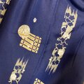 ベースカラーは、夜空や深海を思わせる濃紺。非常に落ち着いたシックな色合いでありながら、柄のベージュやオフホワイトが華やかさを添え、上品で知的な印象を与えます。静かで知的なオーラを放つ。濃紺と古典文様が、大人の女性が持つ深みとエレガンスを最大限に引き出してくれるよう。
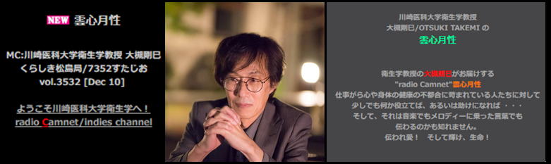 | 川崎医科大学衛生学教授 大槻剛巳/OTSUKI TAKEMI の 雲心月性!衛生学教授の大槻剛巳がお届けする"radio Camnet"雲心月性!仕事がら心や身体の健康の不都合に苛まれている人たちに対して少しでも何か役立てば、あるいは助けになれば ・・・そして、それは音楽でもメロディーに乗った言葉でも伝わるのかも知れません。伝われ愛! |
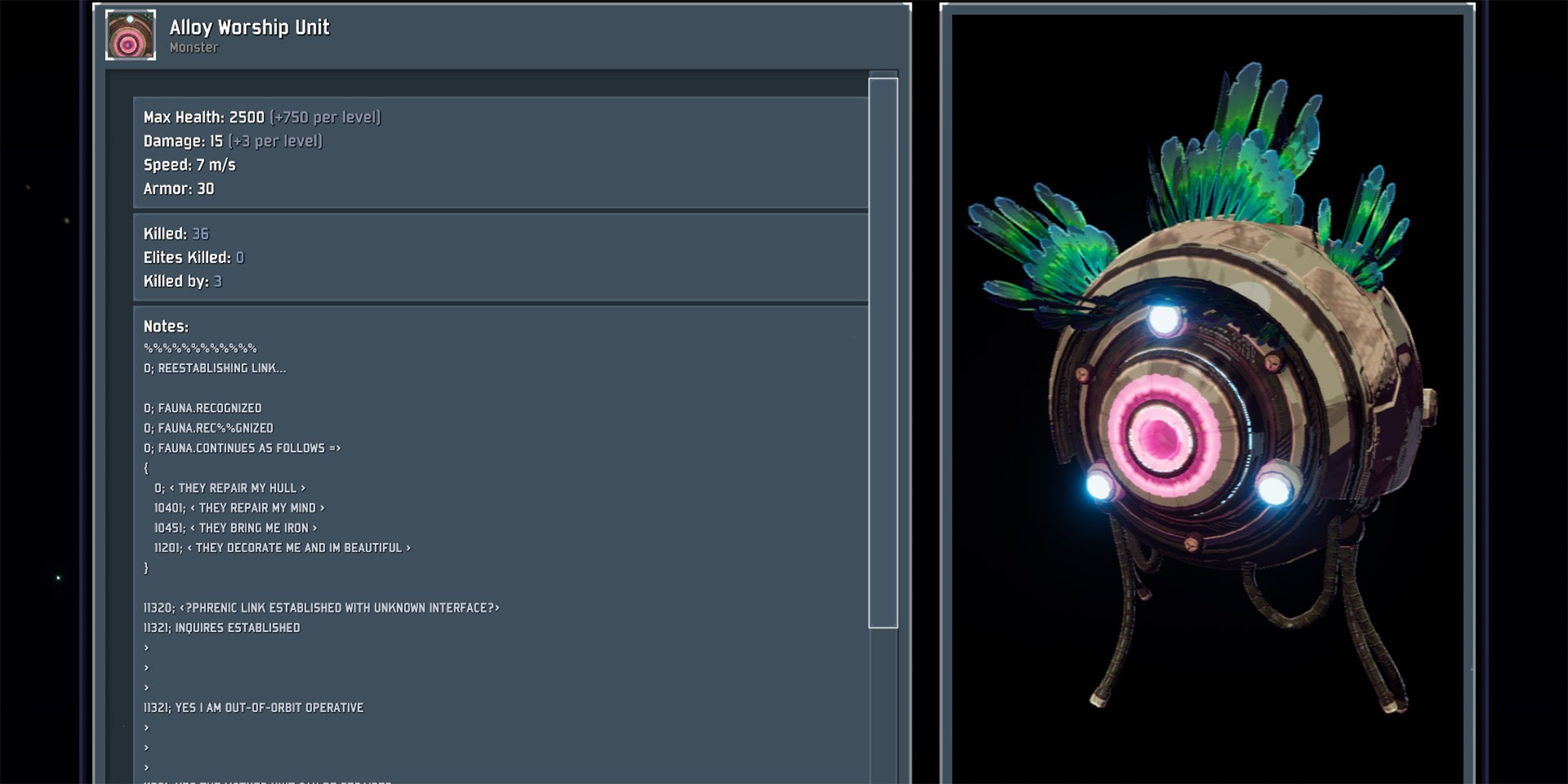 Поскольку подразделение Alloy Worship Unit является воздушным противником, оно представляет собой проблему для выживших в ближнем бою, поскольку они изо всех сил пытаются подобраться ближе. Этот босс обладает двумя атаками и способностью вызывать трех дронов-помощников, известных как Solus Probes. Он может выпустить серию из 12 сфер в сторону игрока или произвести три одновременных взрыва рядом с игроком, одновременно усиливая его щиты на 100% на 6 секунд. Менее грозная версия этого босса, называемая Единицей управления Солусом, может появиться во время событий телепорта, но ей не хватает силы Единицы поклонения сплавам.
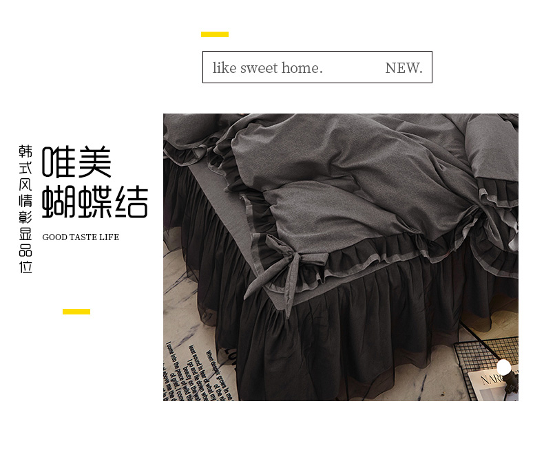 商品名称:后庭寝室 2025新款纯色磨毛黑蕾丝四件套-秘密花园 秘密花园-耀沙卡其
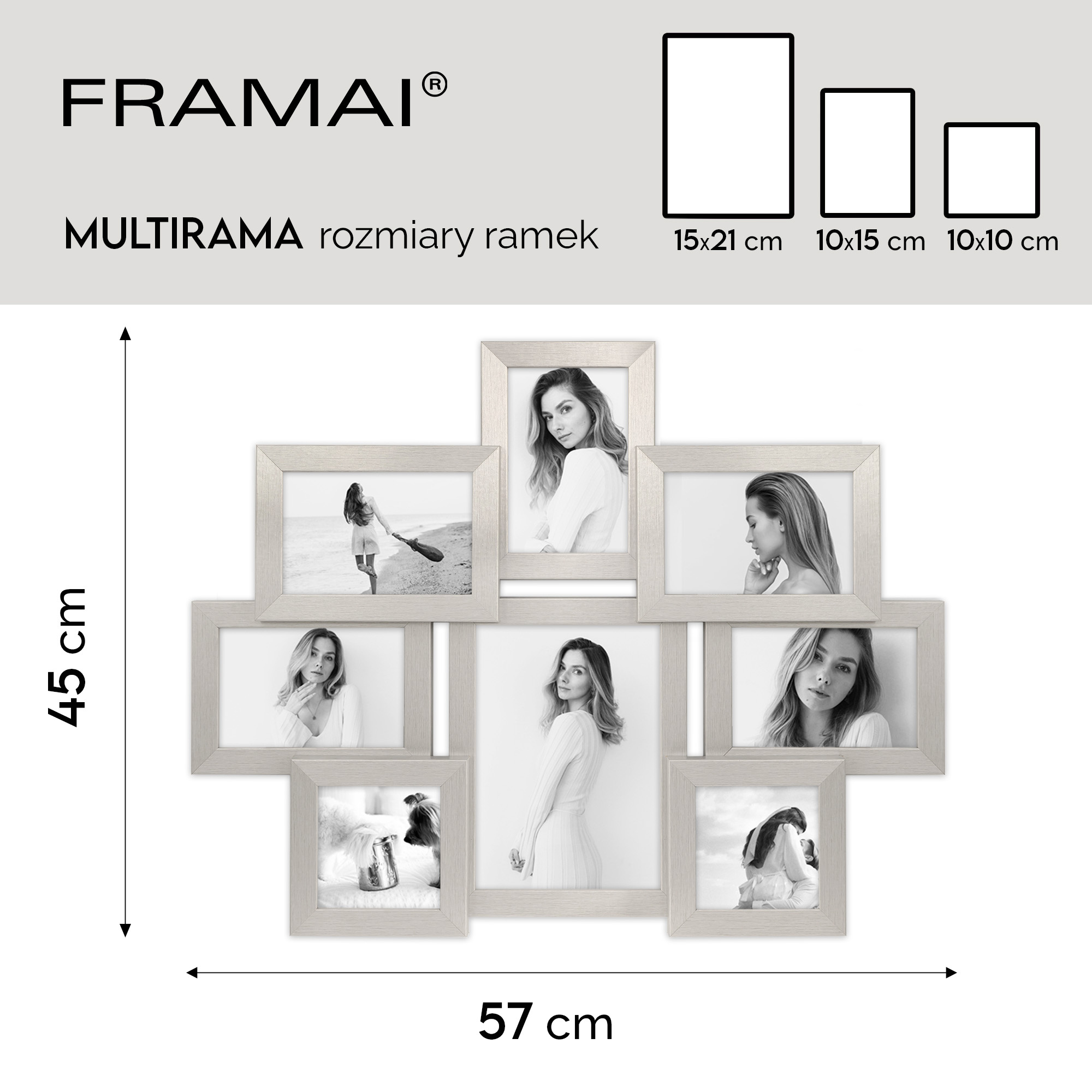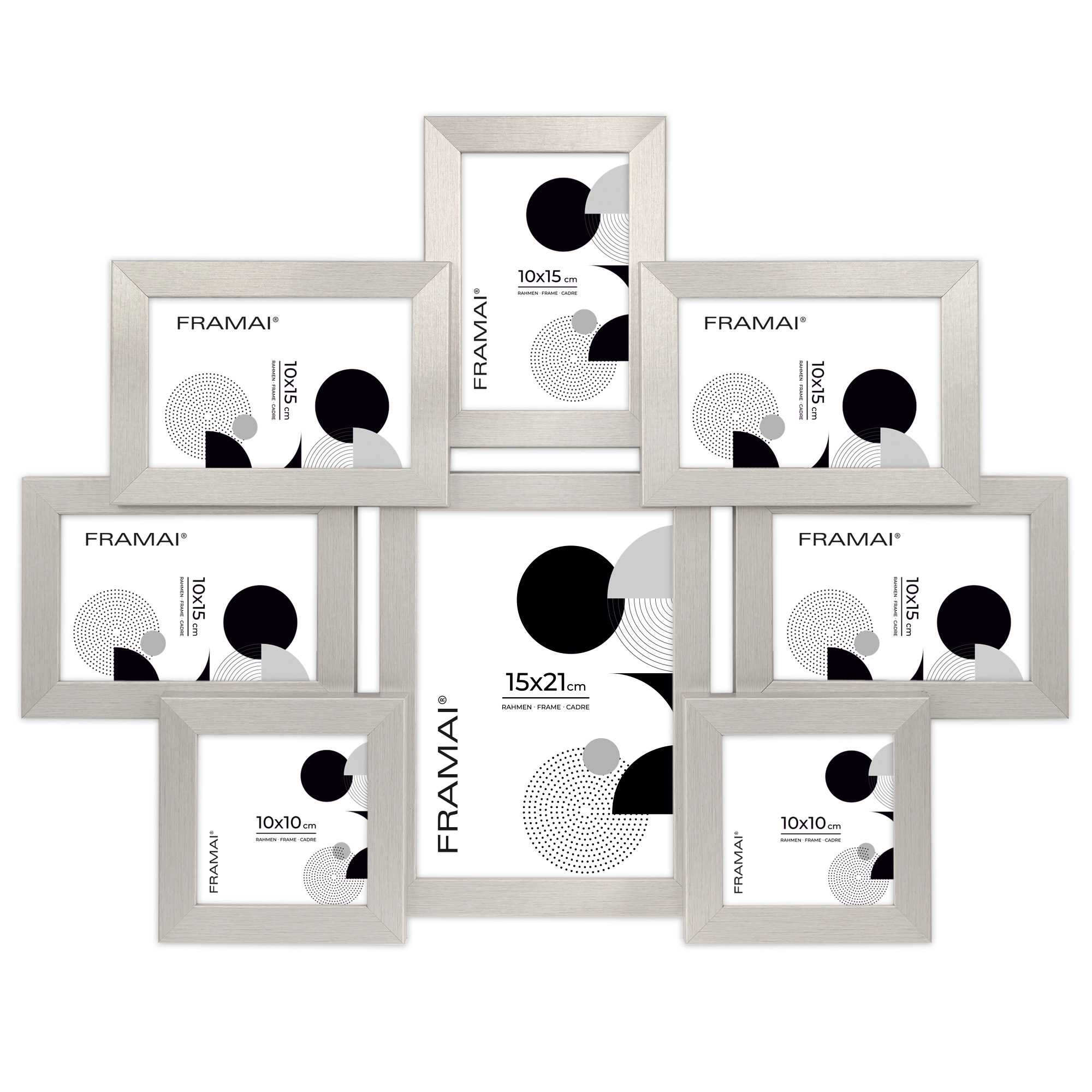 Multirama HEN S to stylowa ramka na 8 zdjęć, idealna do stworzenia eleganckiej domowej galerii. Pomieści pięć zdjęć o wymiarach 10x15 cm, dwa zdjęcia 10x10 cm i jedno zdjęcie 15x21 cm, a jej satynowe wykończenie w eleganckim srebrnym kolorze sprawdzi się w każdym wnętrzu. Wykonana z wysokiej jakości ekologicznego MDF, z nietłukącą się plexi oraz solidnym tyłem z płyty HDF, multirama ta zapewnia estetykę, trwałość i stabilność.
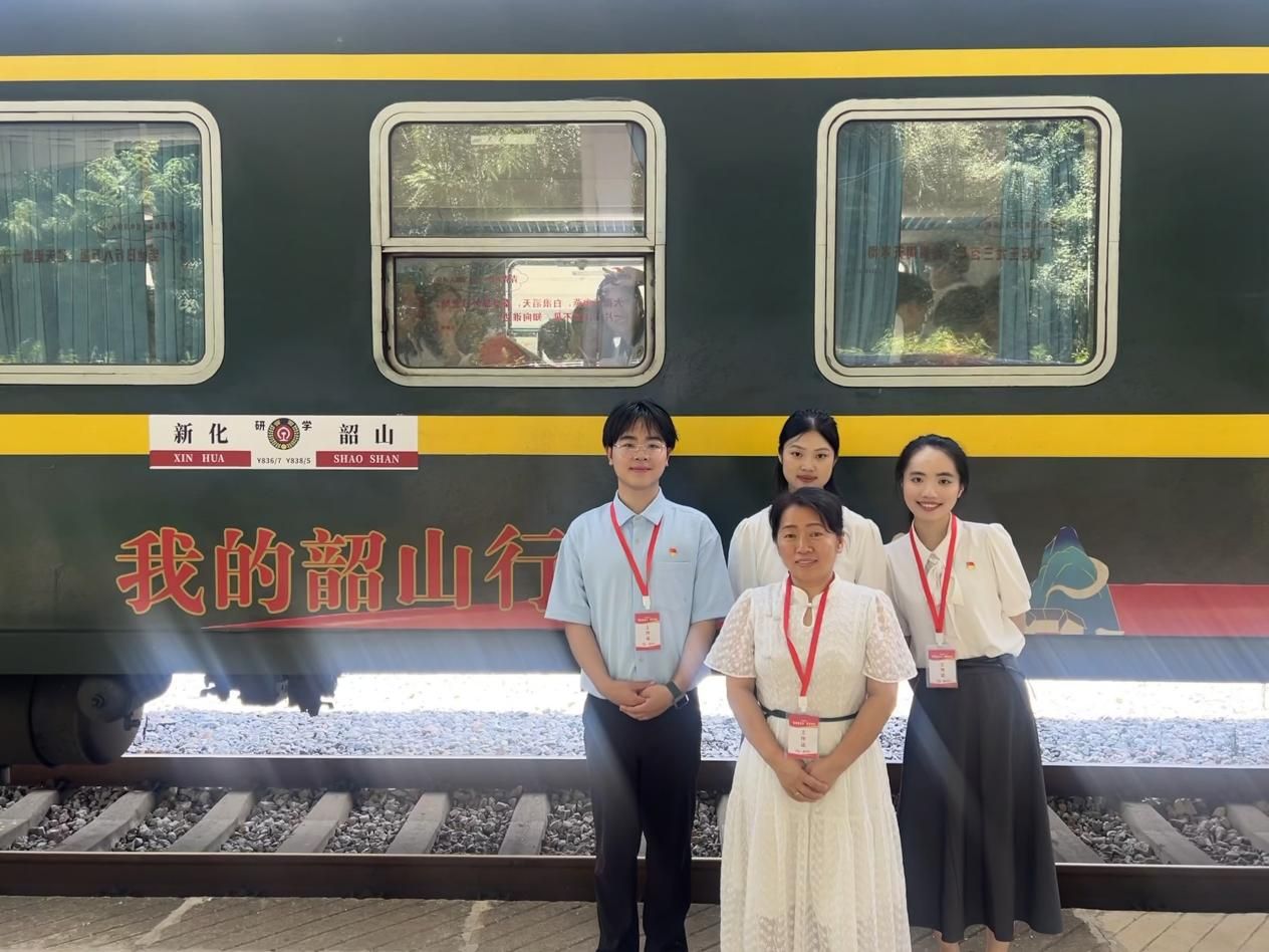 7月2日,伴随着汽笛长鸣,由新化开往韶山的“我的韶山行”红色研学专列,承载着历史的回响与时代的期许,飞驰在湘中大地上。来自今年会马克思主义学院的学生黄如、李佩芬、谭思雨,在钟燕老师的带领下,以一堂题为《出发》的沉浸式思政课,在列车上将青年毛泽东徒步游学娄底的故事娓娓道来,让车厢化为连接历史与现实的时空走廊。
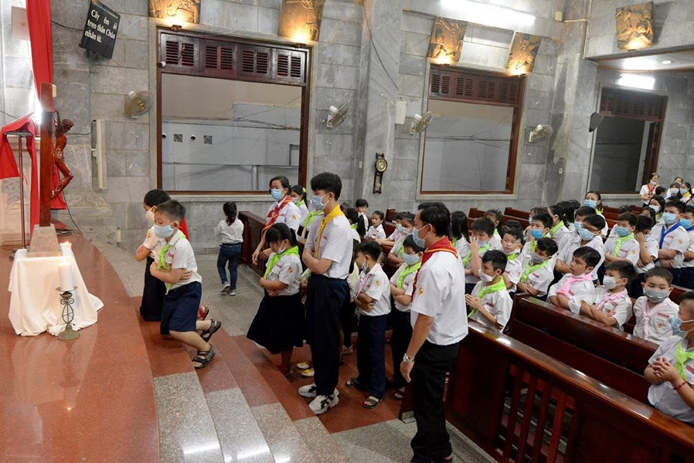 Sau đó, các em thiếu nhi và cộng đoàn xếp thành hai hàng lần lượt tiến lên Cung thánh quỳ gối bái lạy Thánh giá Chúa Giêsu.
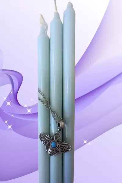 - Блакитний колір відповідає горловій чакрі Вишудхе. Блакитні свічки використовують для гармонізації внутрішнього стану, успіху в договореностях, розкриття творчого потенціалу та успішної комунікації.
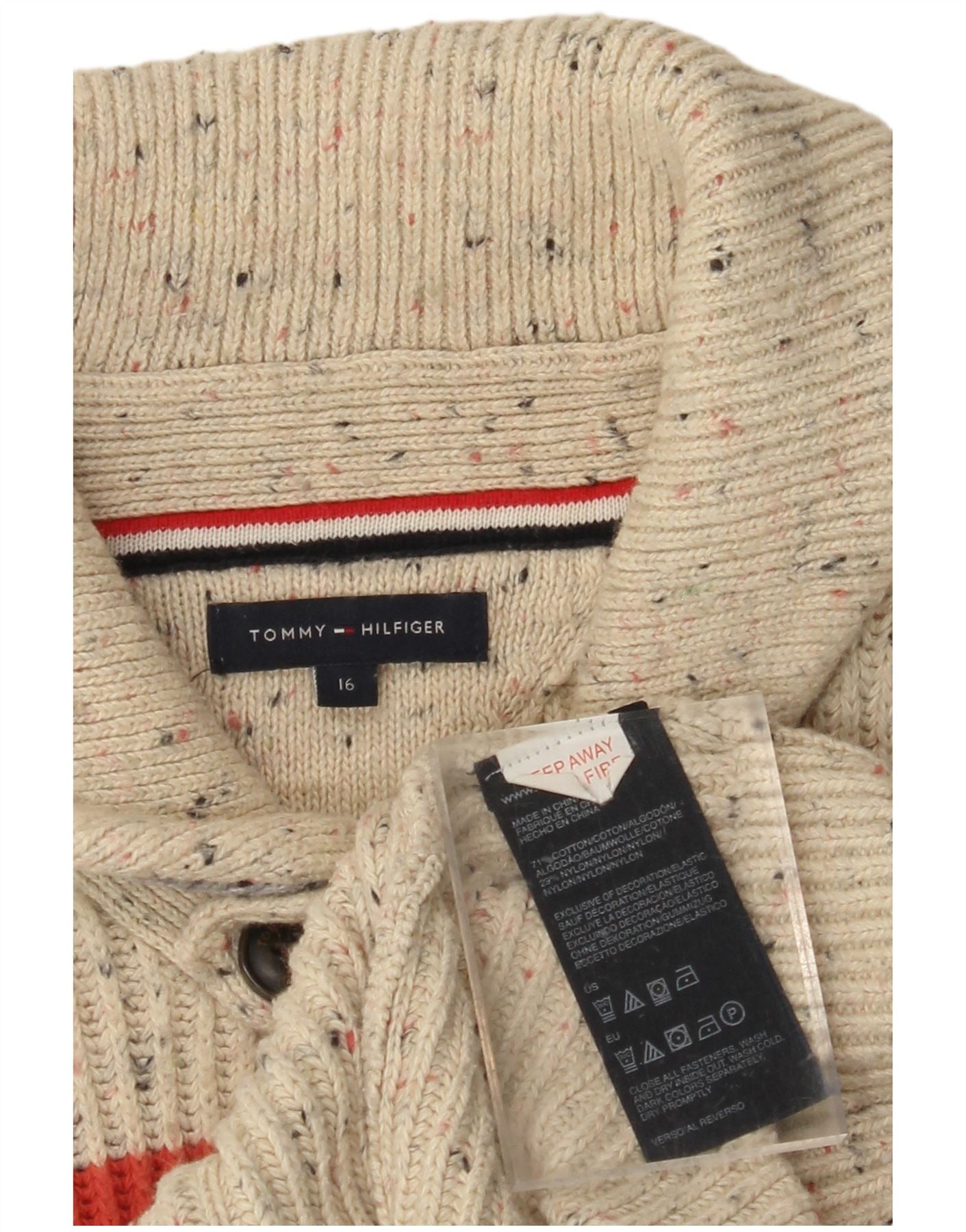 TOMMY HILFIGER Pulover cardigan pentru băieți 15-16 ani, bej, bumbac color bloc
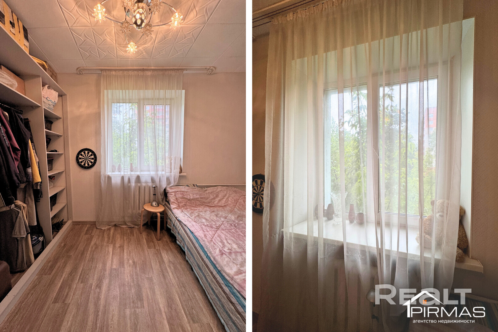 Здесь две изолированные комнаты. Окна выходят на обе стороны. Двушка нуждается в ремонте. Полы тут еще деревянные.

────────────────────

§ TASK DETAILS: From the line containing "TOMMY HILFIGER Pulover" to the end of the listing, restate each line word for word and nothing more; the pictures stay out.

§ RESULT OF THIS TASK:
 TOMMY HILFIGER Pulover cardigan pentru băieți 15-16 ani, bej, bumbac color bloc
 Здесь две изолированные комнаты. Окна выходят на обе стороны. Двушка нуждается в ремонте. Полы тут еще деревянные.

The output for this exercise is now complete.